Last week, Zimbabwe's Environment Minister Saviour Kasukawere visited Crimea. The politician from the African country, which has been living under sanctions from the United States and the European Union for over 14 years, came to the peninsula to discuss potential economic cooperation with the region's leaders. On Monday the Ukrainian Foreign Ministry announced that it had lodged an official protest over the visit, describing it as a violation of international law, and warning that it "could have negative consequences on the further development of Ukraine-Zimbabwe relations."

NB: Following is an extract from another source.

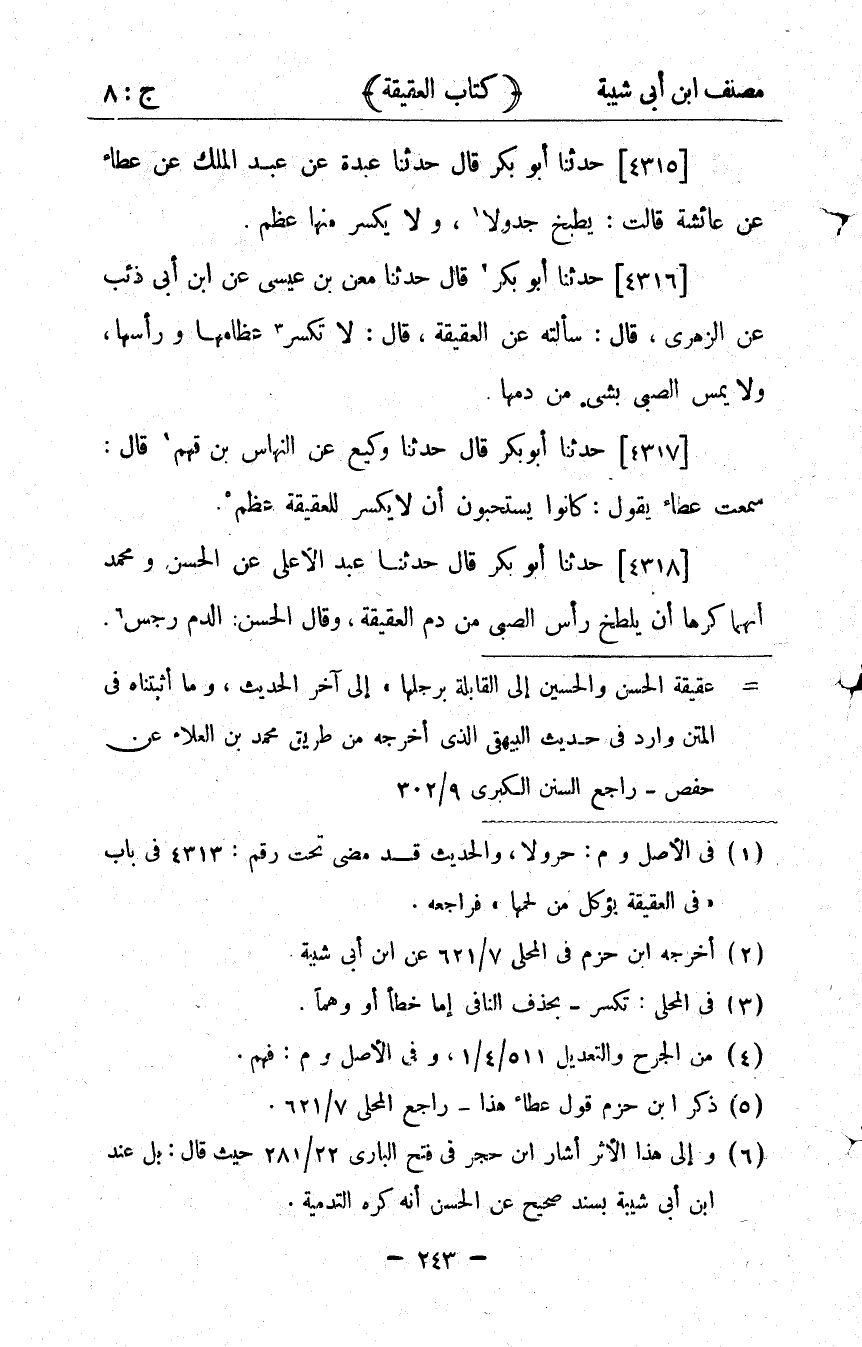 كتاب مصنف ابن أبي شيبة ط السلفية بالهند (اسم الجزء: 8)

The ambassador also commented on the statement by Kiev that the visit could impact relations between Zimbabwe and Ukraine. "We have bilateral diplomatic relations. And we respect the sovereignty of Ukraine, just as Ukraine respects ours. But we, as sovereign states, have differing positions on the geopolitical situation. Such a thing happens with all countries," Chidyausiku noted.

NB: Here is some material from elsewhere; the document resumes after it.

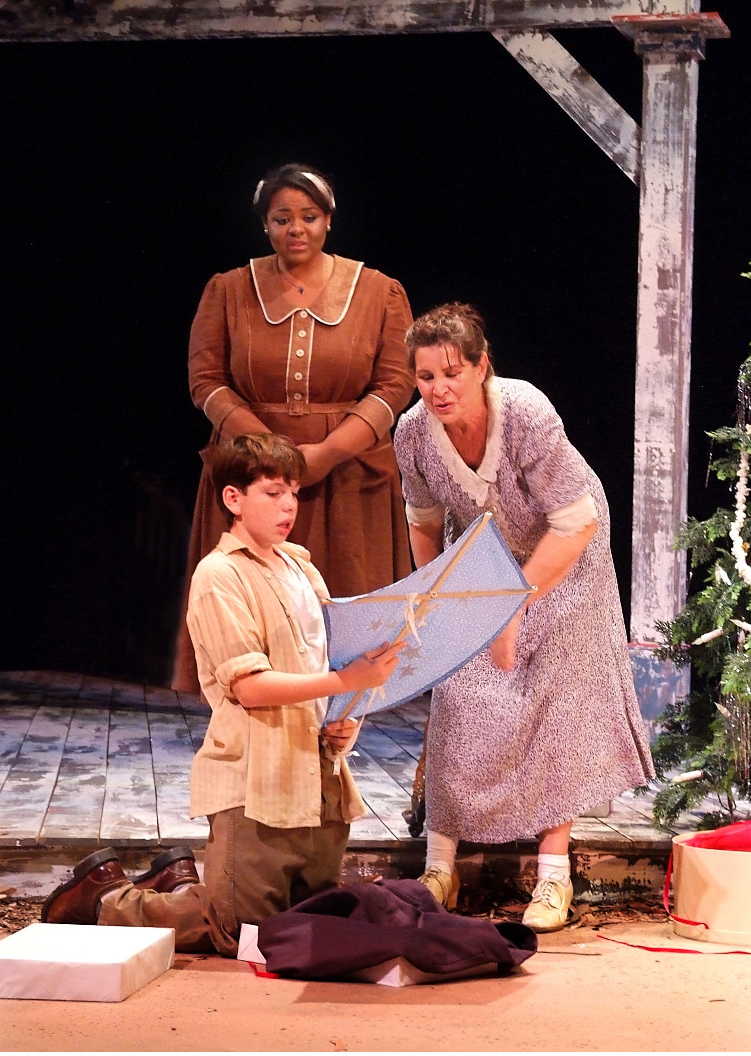Featuring two participants in The Laguna Playhouse’s “Youth Theater Repertory” program, the cast of seven form a surprisingly strong ensemble. As the older Buddy from whose viewpoint everything is seen, Ciaran McCarthy is onstage just about every moment, as memory and the present exist side by side thanks to De Gruccio’s often inspired staging. “Yesterday was simple, easy and clear” Buddy–the man, recalls upon returning to the house he shared for a time with his cousins. Now a successful author, he’s burdened by the hurly-burley of big city life and the stresses success can bring (“when you’re only as good as your last effort.”) McCarthy most notably hits pay-dirt with his numbers “Imagine A Morning” and the act one closer, “Paper and Cotton”, and while he has a voice more than big enough to fill the Laguna Playhouse’s ample 420 seat auditorium, it’s the quieter, more concentrated moments when he really shines, such as in the show’s poignant finale. Likewise, Marsha Waterbury is delightful as Sook—the good-hearted child-woman Buddy so depends on for his emotional connection to the world. Immediately she provides the sense that here is someone who not only needs protecting, but deserves it as well. Tracy Lore is Jennie, her stern oldest sister who, we learn in her second act solo “You Don’t Know It”, gave up any chance of personal happiness to look after her younger siblings, with the result being the development of a sharp ‘edge’ to her slightly damaged psyche. Her greatest fear for Buddy is that he’ll grow up ‘soft” which doesn’t play well in a ‘hard world’. At its center though, young William Spangler is particularly engaging throughout as the younger Buddy. His best moments (and there are numerous) include “Alabama Fruitcake”, “One Small Seed” and the second act’s “No Tellin’”.
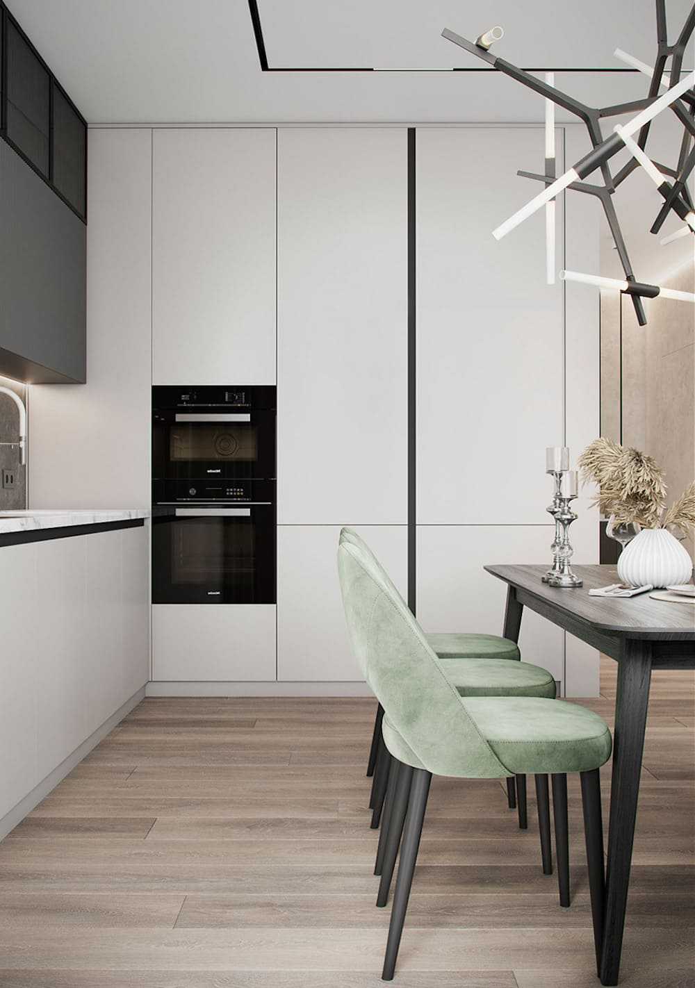 Справиться с проблемой недостатка места помогут современные механизмы, выдвижные системы и высокие вертикальные ящики. Идеально, если дверцы навесных шкафов будут открываться не обычным способом (в сторону), а вверх, тогда полезное пространство останется свободным.

Speaking about the sanctions against Crimea and against Russia as a whole, the ambassador noted they are outside international norms of behavior, and that Zimbabwe considers them illegal. "Not just Crimea, but all of Russia is under sanctions. We believe that sanctions against Crimea are sanctions against Russia. As a country which has lived under sanctions for over ten years, we consider that sanctions are a bad thing, and are directed against ordinary people. Furthermore, sanctions are a double-edged sword: when you impose sanctions, they affect not only those against whom they are directed, but also those who introduce them. In this situation there are no winners. We believe that unilateral sanctions, introduced without the approval of the United Nations, are illegal. We cannot support the approach of introducing similar sanctions against any country, because it is a very serious tool," the ambassador noted.